In Denmark the municipality facilitates mothers that have given birth the possibility of joining a mother’s group with other woman who are living close to you and whose babies where born close to the date you also gave birth. This arrangement will be done by the home nurse in case you like to. The goal of these groups is to assist mothers to find others that might be facing the same situations they are and they usually meet once a week and talk about mother-baby related topics. The continuity of the groups is done with no further supervision of the municipality and the mothers arrange more or less meetings according to their internal relationships with the other members.
These groups are originally created among Danish mothers, however with the rapid growth of international families in Denmark, more and more international mother’s groups have been created. These can be found independently and sometimes through the home nurse.

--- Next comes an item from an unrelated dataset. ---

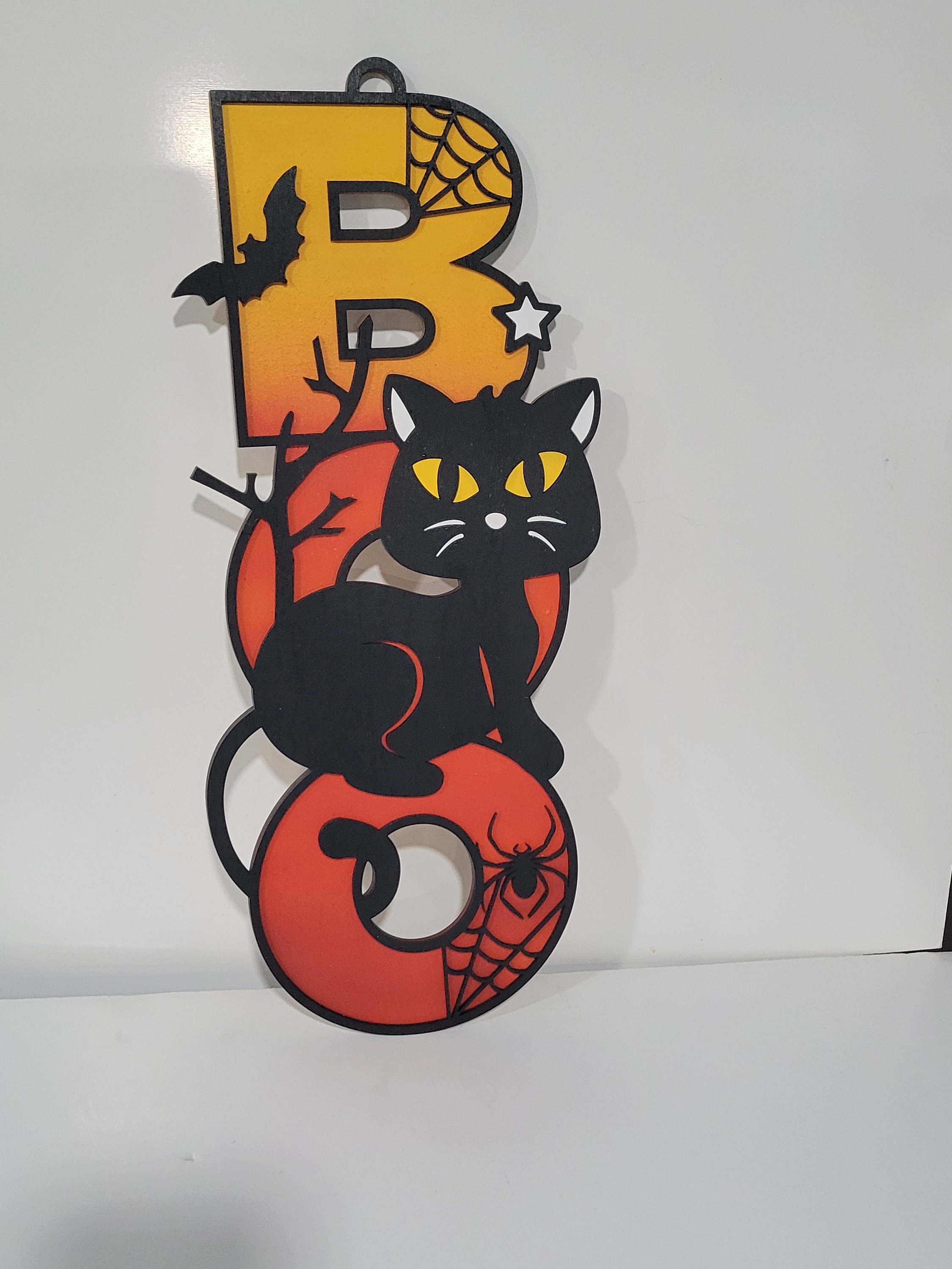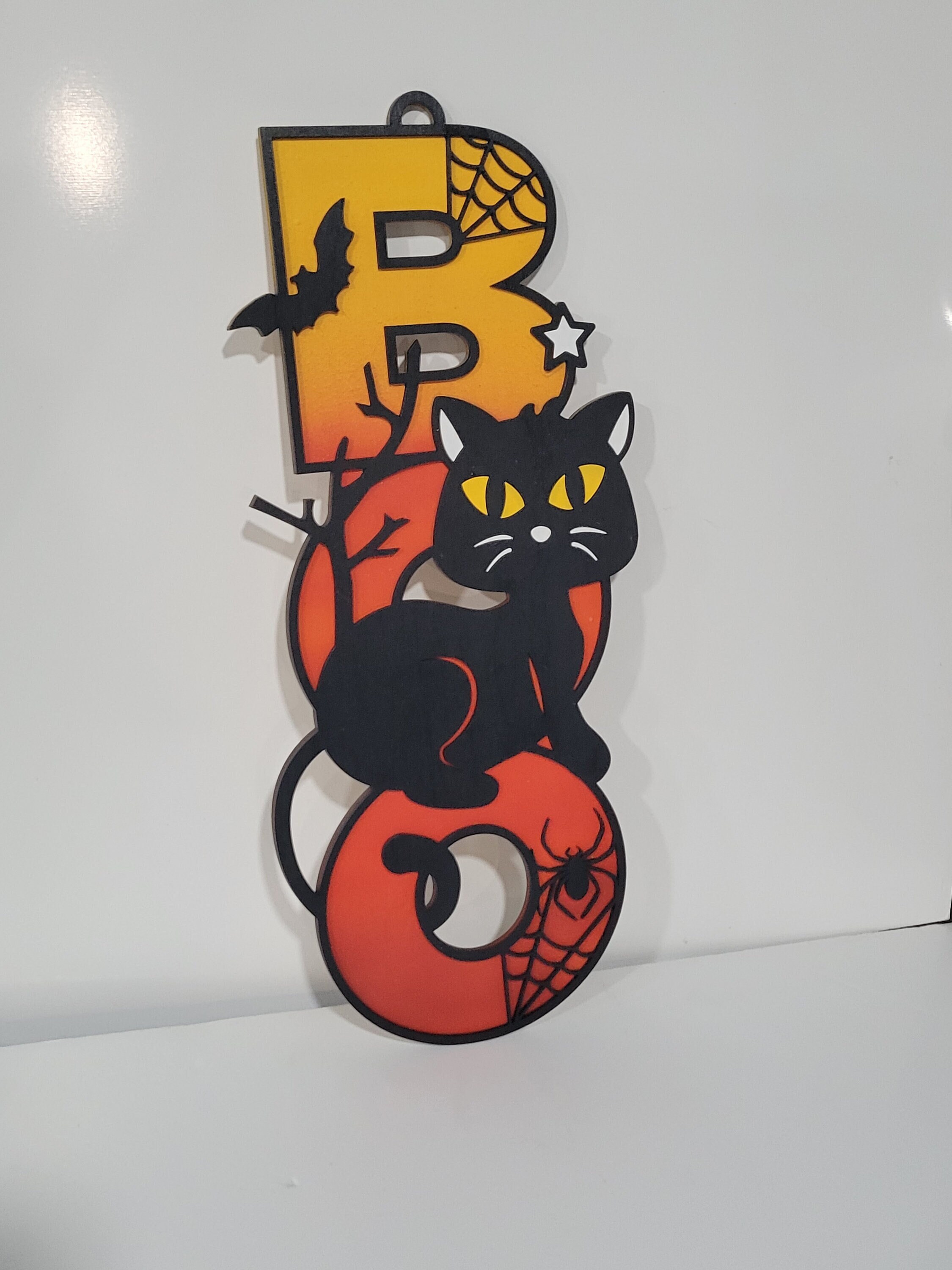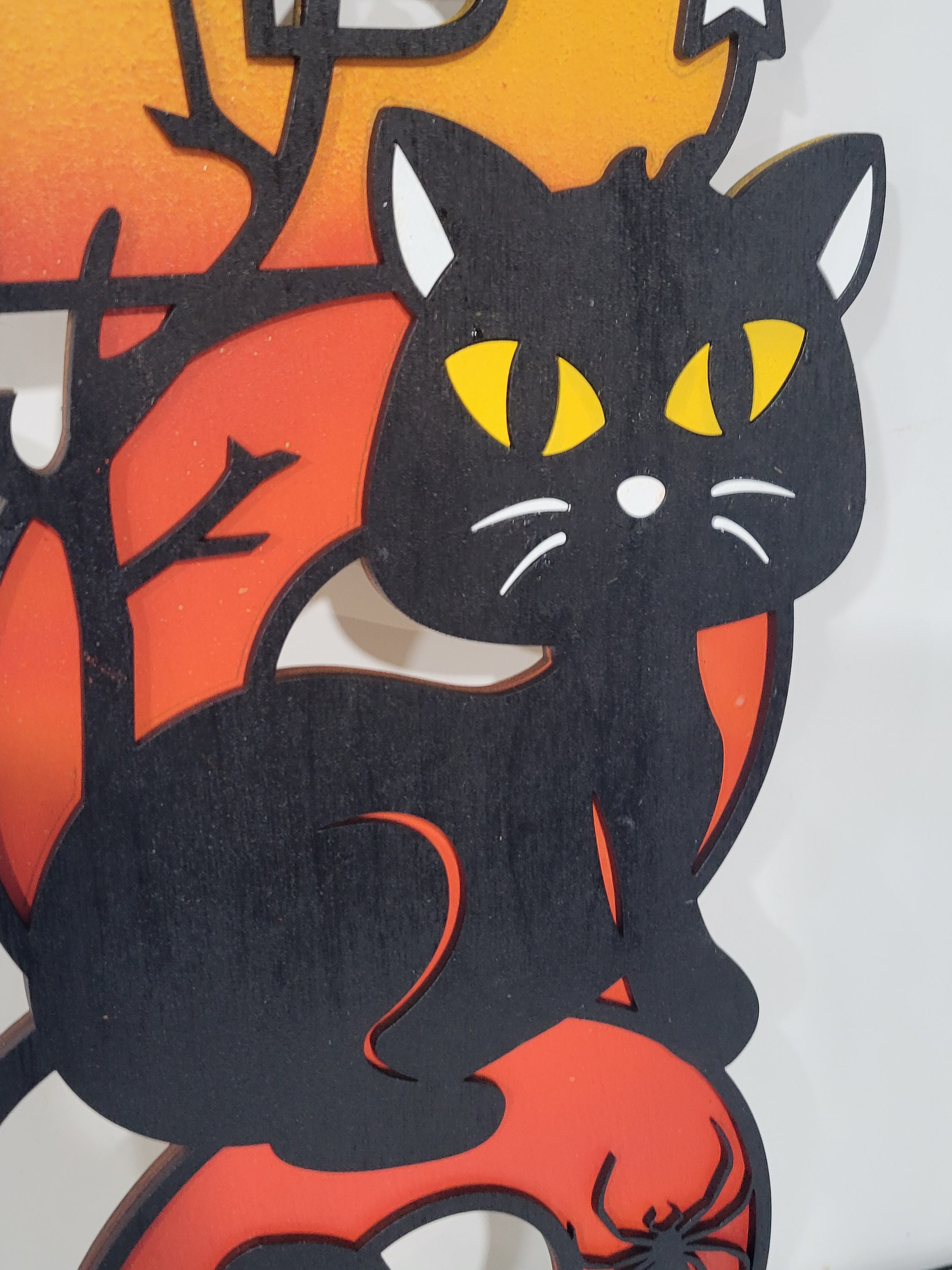 This adorable wood cat sign is made from two layers of Baltic birch wood and spray painted.
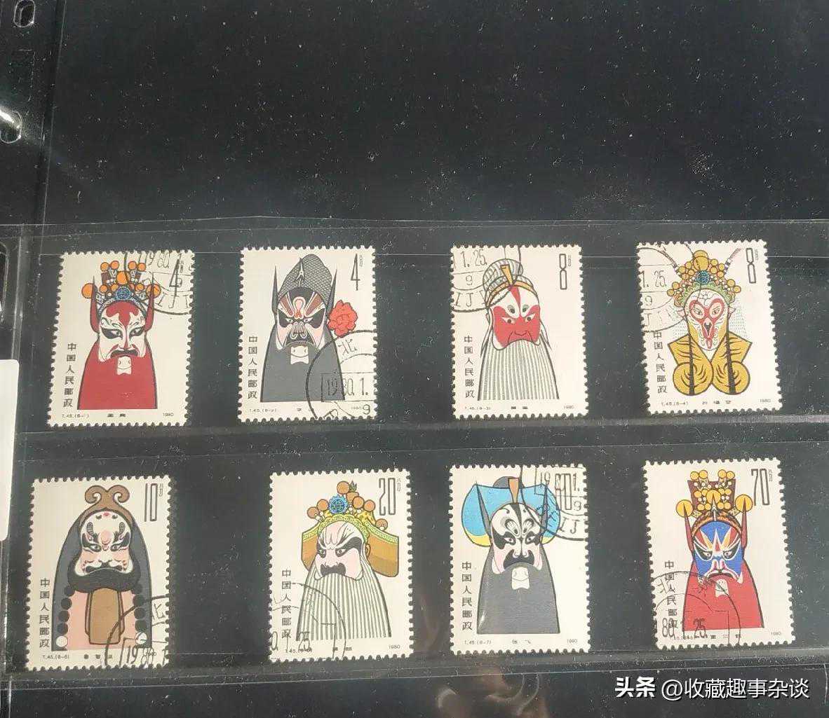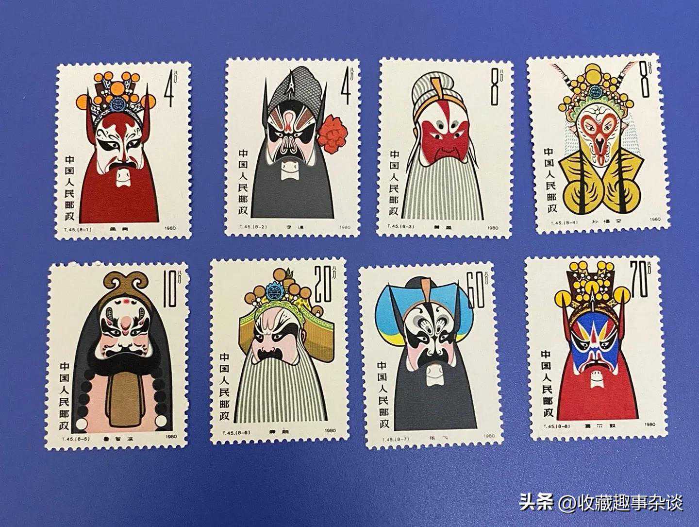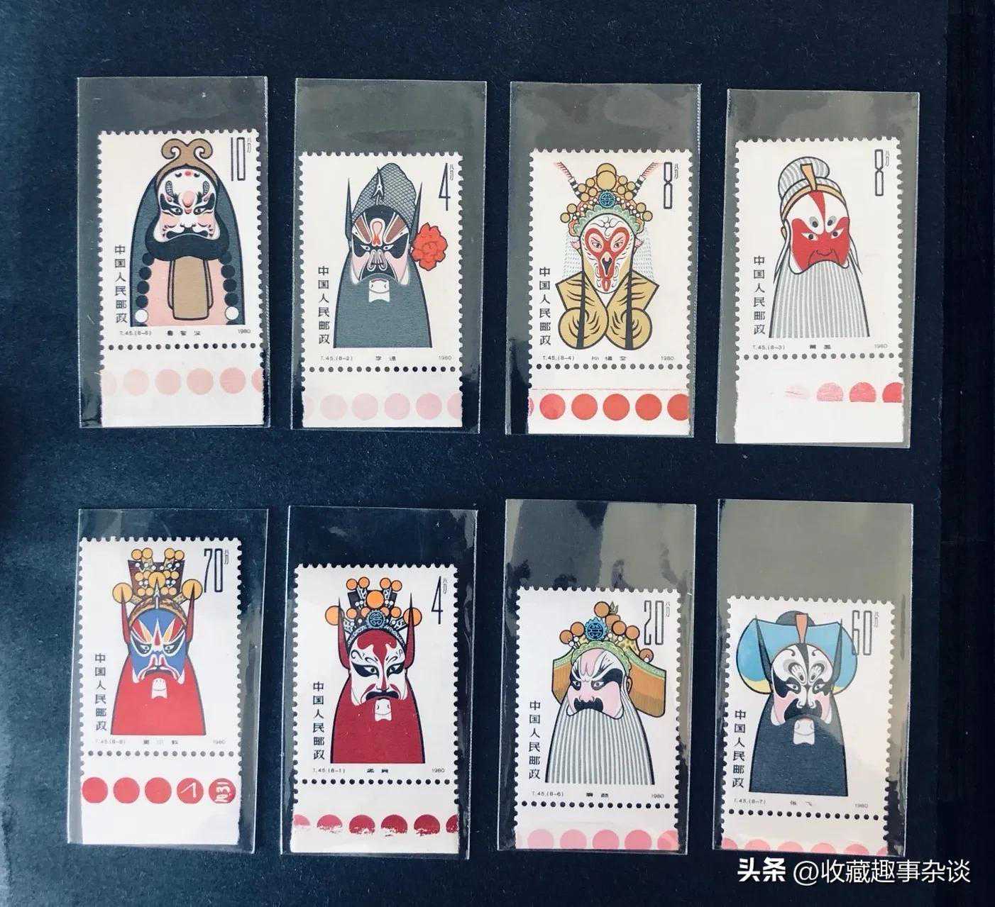 2、上图二为厂铭脸谱邮票,与色标邮票一样的道理,由于存起来少,因此价格很高,上图这套,价格大概在800元左右。

The following are some elements we believe are worth noting at this point of the journey.
- An open communication with your midwife and consequently with your home nurse will be the key to a successful start. Note that in many scenarios there can be some cultural clashes, but the more you talk about these inquiries the better solutions you will find.
- Do not hesitate asking for help in case you feel you need it. In Denmark there are many resources to support new mothers, the children and the entire family. Prevention is always the best solution.
- Feel confortable with your family GP. During the check-up be open and discuss any single issue you consider important. In case you are not fully satisfied remember you can switch to another practitioner in your area. Note that some costs might occur.
- Join groups and/or associations for parents as this is an extraordinary way to face the first months of parenting, as you will get a lot of support from others. Find local Facebook groups or ask your home nurse for some referrals. There are several Facebook groups for this, for example in Aarhus, Copenhagen, the triangle region and Denmark in general. With some additional search you will be able to find more local ones if desired.
- Check our baby lounges list around the city of Aarhus. They always come handy when out and about.